[To do]: Your output must hold every entry exactly as written and none of the pictures.

┌────────

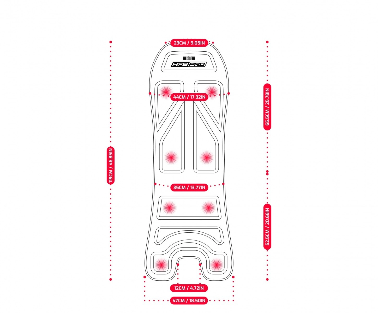 Vychutnejte si každý závod a let s osmi individálně konfigurovatelnými motory, které jsou kompatibilní s hlavními závodními a leteckými kokpity. Podložka HF8 Pro transformuje vaše sedadlo na zcela pohlcující simulátor.
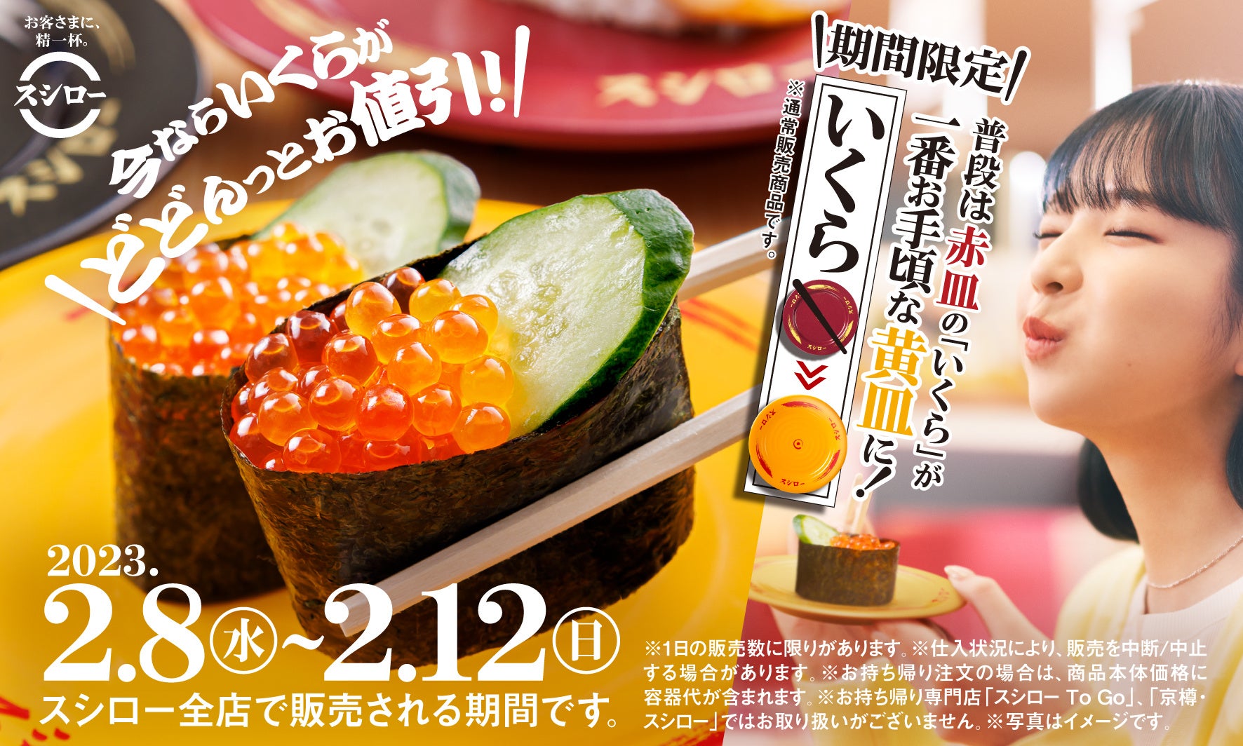 株式会社あきんどスシロー(本社:大阪府吹田市、代表取締役社長:新居 耕平)は、2月8日(水)から12日(日)の5日間限定で、スシローこだわりの「いくら」を普段赤皿の180円(税込)※2 でご提供しているところ、黄皿の120円(税込)※3 にてご提供いたします。
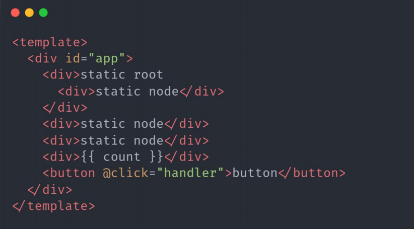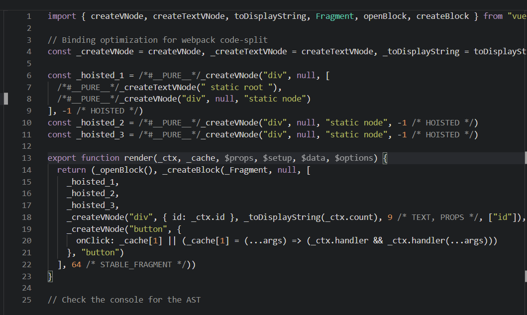 我们能看到 _hoisted_1、_hoisted_2、_hoisted_3 这样的静态节点被提升到了 render 的外层,这样只有在页面初始化的时候会创建一次,下次视图重新渲染后直接引用静态节点即可,这样的静态节点也不会参与 diff 的过程。
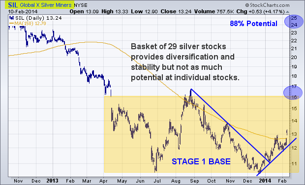 The SIL silver miners ETF holds a basket of silver stocks which vary in size. This is a great way to get the best of both worlds in terms of owning all sizes of silver stocks within one investment.
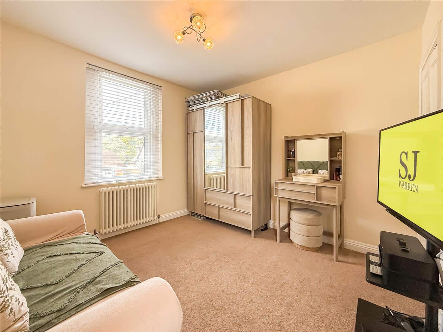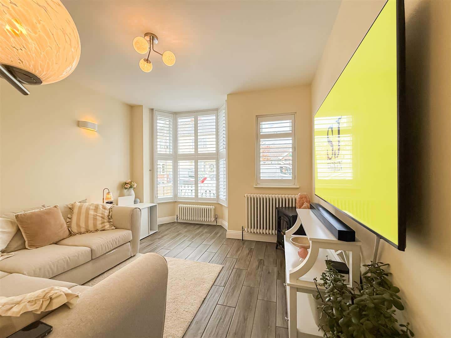 Once again bags of light in this room from the two double glazed windows to the front, one of which is a bay window with quality white fitted shutter/blinds Television point, two column style radiators.
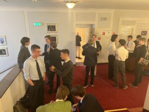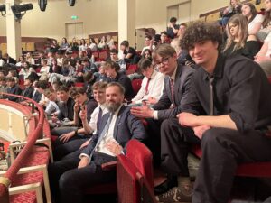 W czwartek, 19 marca uczniowie klas 4LO uczcili (przed)ostatni dzień zimy wizytą w Teatrze Polskim, gdzie obejrzeli „Tango” w reżyserii Wawrzyńca Kostrzewskiego. Jest to lektura obowiązkowa do matury na poziomie podstawowym. Choć spektakl nie schodzi z afisza już od trzech lat, widać, że (zwłaszcza w trzecim akcie) aktorzy czynią starania, by ich gra była świeża i aktualna. Uczniowie dostrzegli różne niuanse i docenili konsekwentny pomysł reżysera na to, by pokazać przede wszystkim farsowość świata, w którym tragedia przestała być możliwa (przez co parabola polityczna zeszła na dalszy plan). Poza tym zauważyli, że niektóre sceny zostały celowo odegrane wbrew intencjom Sławomira Mrożka, na przykład zamordowanie Artura przez Edka, które powinno być maksymalnie realistyczne (tu natomiast zostało zredukowane do prostego gestu). W każdym razie piękna pogoda skłoniła maturzystów do samodzielnych spacerów po Warszawie po spektaklu oraz do wizyt w barach mlecznych. Cóż – powiew wiosny oznacza zbliżającą się nieuchronnie maturę.
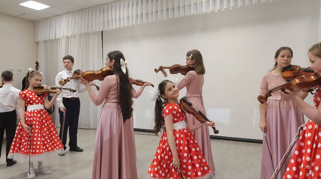 На юбилейном концерте в исполнении юных скрипачей прозвучали произведения известных композиторов.
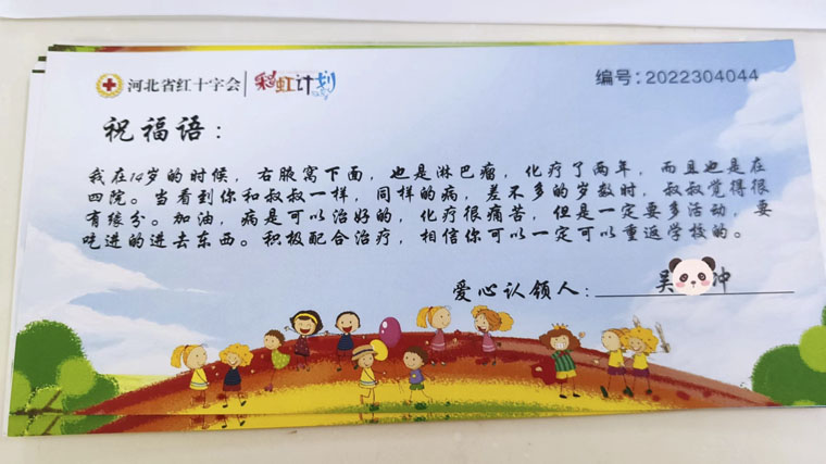 在河北医科大学大学生自发组织、河北医科大学校史文创支持下,我院儿科与在校大学生联动开展线上送祝福活动,并为患儿提前准备了折纸、画笔和儿童图书等礼物,活动由朱秀丽副主任和赵翠芳副护士长主持,刁玉巧主任、江莲教授等医护人员参加。
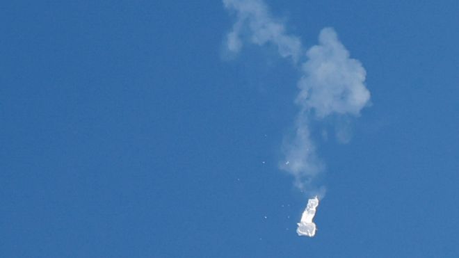 وقال مسؤولان أمريكيان، إن المنطاد أسقطته طائرة مقاتلة تابعة للقوات الجوية، وتظهر اللقطات انفجارًا طفيفًا أعقبه هبوط المنطاد نحو المياه، وشوهدت طائرات عسكرية أمريكية تحلق في المنطقة المجاورة، كما تم نشر سفن في المياه لبدء عملية انتشال الحطام.

└────────

[Result of this exercise]:
 Vychutnejte si každý závod a let s osmi individálně konfigurovatelnými motory, které jsou kompatibilní s hlavními závodními a leteckými kokpity. Podložka HF8 Pro transformuje vaše sedadlo na zcela pohlcující simulátor.
 株式会社あきんどスシロー(本社:大阪府吹田市、代表取締役社長:新居 耕平)は、2月8日(水)から12日(日)の5日間限定で、スシローこだわりの「いくら」を普段赤皿の180円(税込)※2 でご提供しているところ、黄皿の120円(税込)※3 にてご提供いたします。
 我们能看到 _hoisted_1、_hoisted_2、_hoisted_3 这样的静态节点被提升到了 render 的外层,这样只有在页面初始化的时候会创建一次,下次视图重新渲染后直接引用静态节点即可,这样的静态节点也不会参与 diff 的过程。
 The SIL silver miners ETF holds a basket of silver stocks which vary in size. This is a great way to get the best of both worlds in terms of owning all sizes of silver stocks within one investment.
 Once again bags of light in this room from the two double glazed windows to the front, one of which is a bay window with quality white fitted shutter/blinds Television point, two column style radiators.
 W czwartek, 19 marca uczniowie klas 4LO uczcili (przed)ostatni dzień zimy wizytą w Teatrze Polskim, gdzie obejrzeli „Tango” w reżyserii Wawrzyńca Kostrzewskiego. Jest to lektura obowiązkowa do matury na poziomie podstawowym. Choć spektakl nie schodzi z afisza już od trzech lat, widać, że (zwłaszcza w trzecim akcie) aktorzy czynią starania, by ich gra była świeża i aktualna. Uczniowie dostrzegli różne niuanse i docenili konsekwentny pomysł reżysera na to, by pokazać przede wszystkim farsowość świata, w którym tragedia przestała być możliwa (przez co parabola polityczna zeszła na dalszy plan). Poza tym zauważyli, że niektóre sceny zostały celowo odegrane wbrew intencjom Sławomira Mrożka, na przykład zamordowanie Artura przez Edka, które powinno być maksymalnie realistyczne (tu natomiast zostało zredukowane do prostego gestu). W każdym razie piękna pogoda skłoniła maturzystów do samodzielnych spacerów po Warszawie po spektaklu oraz do wizyt w barach mlecznych. Cóż – powiew wiosny oznacza zbliżającą się nieuchronnie maturę.
 На юбилейном концерте в исполнении юных скрипачей прозвучали произведения известных композиторов.
 在河北医科大学大学生自发组织、河北医科大学校史文创支持下,我院儿科与在校大学生联动开展线上送祝福活动,并为患儿提前准备了折纸、画笔和儿童图书等礼物,活动由朱秀丽副主任和赵翠芳副护士长主持,刁玉巧主任、江莲教授等医护人员参加。
 وقال مسؤولان أمريكيان، إن المنطاد أسقطته طائرة مقاتلة تابعة للقوات الجوية، وتظهر اللقطات انفجارًا طفيفًا أعقبه هبوط المنطاد نحو المياه، وشوهدت طائرات عسكرية أمريكية تحلق في المنطقة المجاورة، كما تم نشر سفن في المياه لبدء عملية انتشال الحطام.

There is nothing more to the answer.